A nutricionista ressalta que a falta de obrigatoriedade sobre a quantidade de aditivo no rótulo é um problema. "Como consumimos vários produtos ultraprocessados, estamos expostos a mais aditivos".
"Não temos um estudo do mix dos aditivos em diferentes alimentos. Ele é testado em uma condição determinada. Quando consumimos um alimento com muitos aditivos, não sabemos qual é esse efeito somatório. E esse risco é ainda maior para as crianças, que podem atingir facilmente esse 'limite permitido", afirma Cristiane Moulin, endocrinologista
Vanessa Montera concorda e lembra que até fórmulas infantis possuem aditivos. "A forma com que consumimos os aditivos não é a forma como eles são liberados. A gente consome um coquetel de aditivos. Hoje temos as crianças muito expostas, com o consumo começando na fase do recém-nascido. Como garantir segurança?".
As especialistas relatam que existem estudos que apontam os malefícios dos aditivos, como reações alérgicas aos corantes.
"Temos estudos que associam um consumo dos aditivos com alteração de microbiota intestinal, com inflamação da mucosa intestinal, com doenças cardiovasculares. Hoje, temos muitas evidências trazendo informação de que esses aditivos talvez não sejam tão bonzinhos quanto a gente pensava", completa Montera.
A endocrinologista da SBEM levanta uma outra questão: a obesidade, principalmente a infantil. Sabemos que ultraprocessados podem levar ao aumento de peso. Além disso, os aditivos podem realçar sabores de determinados produtos, tornando alimentos que não eram palatáveis em mais atrativos. O resultado? A pessoa come mais, com menos qualidade.
O ideal seria abolir os ultraprocessados da nossa alimentação, mas isso é praticamente impossível. Nessa conta, entram fatores como a falta de tempo para preparar "comida de verdade" e falta de dinheiro para investir em produtos in natura.
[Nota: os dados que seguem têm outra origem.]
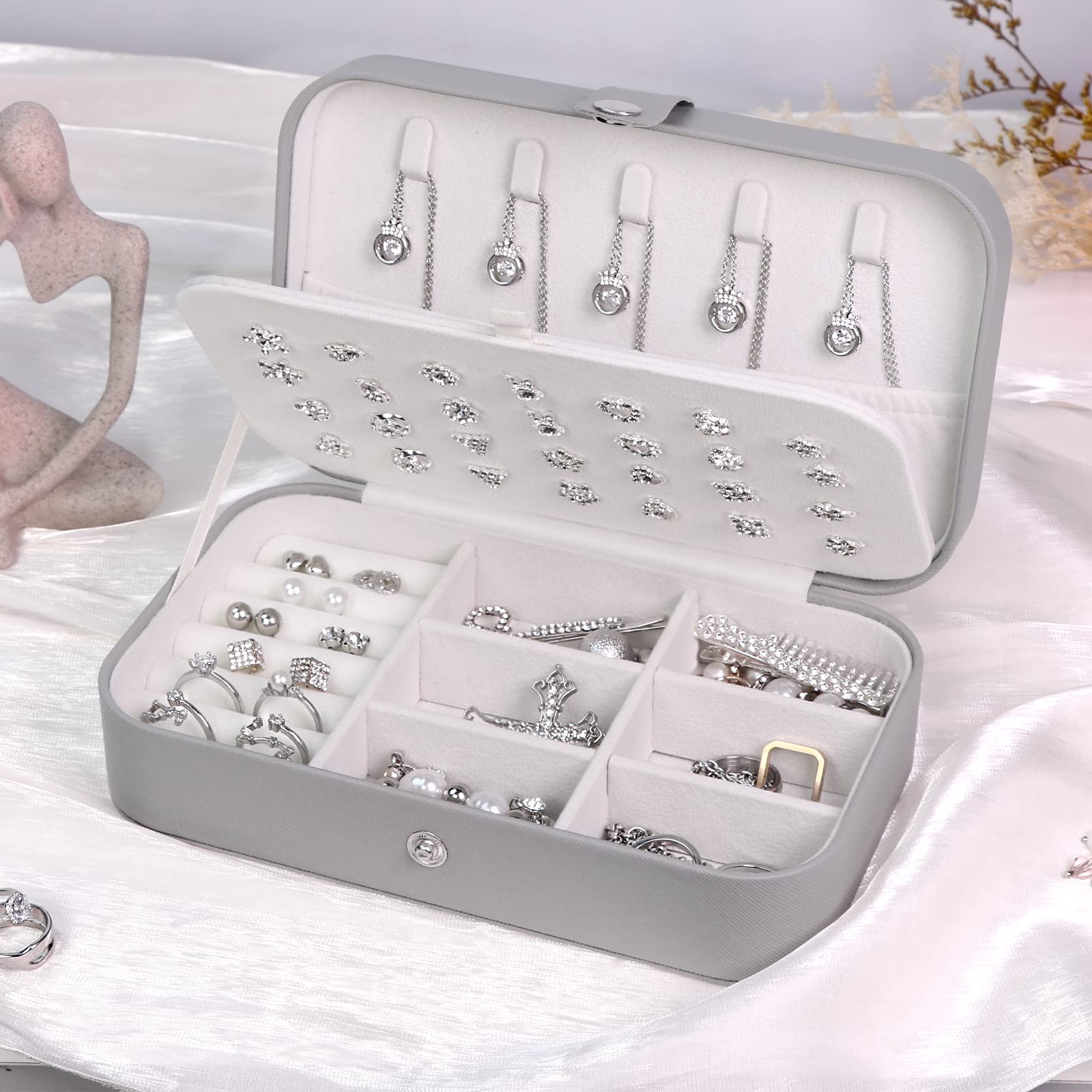 Boite à Bijoux De Voyage Boîte à Bijoux De Voyage Pour Femmes Et Filles, Double Couche, Petit Organisateur De Bijoux Pour Bagues, Boucles D'oreilles, Colliers, Bracelets, étui à Bijoux En Cuir Synthétique De Qualité Coffret Bijoux Voyage Vraiment la taille parfaite pour un voyage court ou long, excellent moyen de voyager avec vos bijoux. CASEGRACE Petite boîte à bijoux de voyage pour femme - Organiseur de Très pratique lors de vos déplacements. Des chaussures aux vêtements, des tenues de sport aux accessoires. Protège vos bijoux des rayures et des chocs. Cette boîte à bijoux a la taille parfaite pour s'adapter n'importe où, non seulement garder vos bijoux bien en sécurité, mais aussi garder vos bijoux en ordre et éviter qu'ils s'emmêlent ou ne s'abîment pendant le voyage. Couleur extérieure : blanc. Les mesures étant prises à la main, les tailles indiquées peuvent varier (± 2 cm). Cadeau idéal pour les femmes et les filles : l'étui à bijoux de voyage est spécialement conçu pour les femmes et les filles, afin de fournir un cadeau parfait pour celles qui sont toujours en voyage. Légère et portable : les boîtes à bijoux pour femme ne font que 220 g, très pratiques à mettre dans un bagage à main/valise ou à glisser dans un tiroir. Taille parfaite pour les voyages, peut contenir une quantité surprenante de bijoux. Design unique : le design compact et l'extérieur robuste signifie qu'il voyagera bien, ainsi que les séparateurs amovibles et la plaque pratique pour boucles d'oreilles, ce qui lui permet non seulement de nombreux compartiments pour accueillir de nombreux bijoux à des fins de voyage, mais peut également garder les bijoux en ordre et éviter qu'ils ne s'emmêlent ou ne s'abîment pendant le voyage. Boîte À Bijoux Double De Voyage, Boîte À Bijoux En Cuir Pu Pour Femmes... En plus de cela, le petit organisateur de bijoux a beaucoup d'espace et divers départements pour contenir vos bijoux. Vraiment assez petit pour économiser de l'espace mais assez grand pour ranger des bijoux. Caractéristiques : Matériaux : cuir PU + velours doux. Aspect attrayant et construction solide : l'étui de voyage mesure 16 x 10,9 x 5,6 cm, petite taille mais grande capacité avec double couche, la partie supérieure du couvercle comprend 5 crochets et une poche élastique inférieure pour empêcher le collier de s'emmêler. La partie centrale peut contenir 10 paires de des boucles d'oreilles; la partie supérieure est dotée de 5 crochets et d'une poche élastique inférieure pour maintenir parfaitement les colliers et les bracelets en place Dimensions : 16 cm (L) x 10,9 cm (l) x 5,6 cm (H)., Poids net : 0,2 kg. Permet de garder vos accessoires indispensables comme bagues, boucles d'oreilles, colliers, bracelets organisés – moins de chance de s'emmêler lorsque vous les rangez dans un sac.

Uma dica das especialistas é simples: ler o rótulo do alimento e comparar com os similares (se bem que às vezes pode ser difícil, já que as letrinhas costumam ser bem pequenas). Também existem aplicativos que podem ajudar nessa busca por alimentos com menos aditivos, como o Desrotulando.
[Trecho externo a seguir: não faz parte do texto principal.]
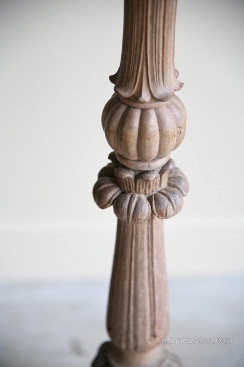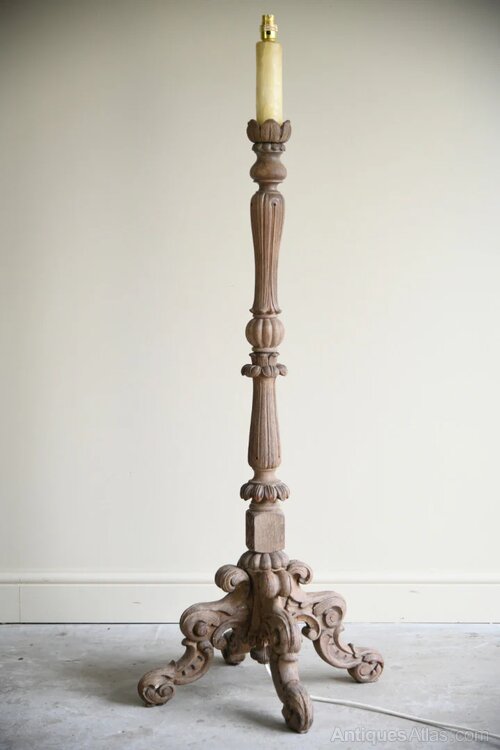Continental Oak Standard Lamp. Early 20th Century carved wooden floor lamp base of classical influence, featuring a richly detailed column and scrolling tripod base. The turned and fluted central stem is carved with stylised acanthus and baluster elements, rising from an ornate base with three boldly scrolled legs.

"Precisamos descascar mais e desembalar menos", destaca Cristiane Moulin de Moraes Zenobio, endocrinologista da SBEM
No ano passado, a Anvisa determinou que os alimentos precisam ter uma identificação na frente da embalagem (a rotulagem frontal) sinalizando alto teor de açúcar, gordura saturada e sódio que, em excesso, podem fazer mal à saúde.